TAL社の新契約マージンの低下は、大規模な業界再編が進むなか、新契約が伸び悩み、ユニットコストが上昇したことが影響しています。
グループEEV-変動要因分析(19/3期)
グループEEVの変動要因について説明いたします。企業努力を通じたEVの増減では、新契約価値1,974億円に加え、プロテクティブ社によるリバティ・ライフ社の契約ブロック買収に伴い、EVが379億円増加しています。
なお、TAL社によるSuncorp Life(現Asteron Life)社の買収につきましては、クロージングが2019年2月末となったため、現時点ではEVは買収価格として評価しており、EVの増減には影響していません。
期待収益は、第一フロンティア生命の外貨建保険など、商品特性を反映し、運用スプレッドの実現が超過収益としてEV増加に貢献しています。

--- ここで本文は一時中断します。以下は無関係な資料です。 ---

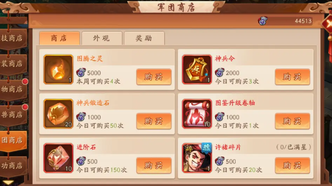 宠物商店的核心资源是战宠碎片和升星丹,合成高阶宠物虽然耗时但后期不用频繁更换。神炼石和口粮也别忽视,它们能快速提升宠物属性。巨兽商店的兵符碎片和万能碎片是刚需,尤其前期建议清空库存,后期巨兽币会贬值。军功商店的纹晶对装备强化很关键,前期选普通纹晶,后期再换高级款。军团商店的红将碎片、神器抽奖券必须每天拉满,贡献足够的话时装也别错过,能激活全体属性加成。

また、プロテクティブ社の変額年金を除く商品につきましても、トップダウン手法でEEVを計算しています。そのため、EEV計算にリスクフリーレートを上回る、高い割引率が適用されており、その割引の解放がEV増加に貢献しています。
一方、主に国内の金利低下、株価下落によって、経済前提と実績の差異がマイナスとなり、グループRoEVはマイナス0.6パーセントとなりました。私からの資料の説明は以上となります。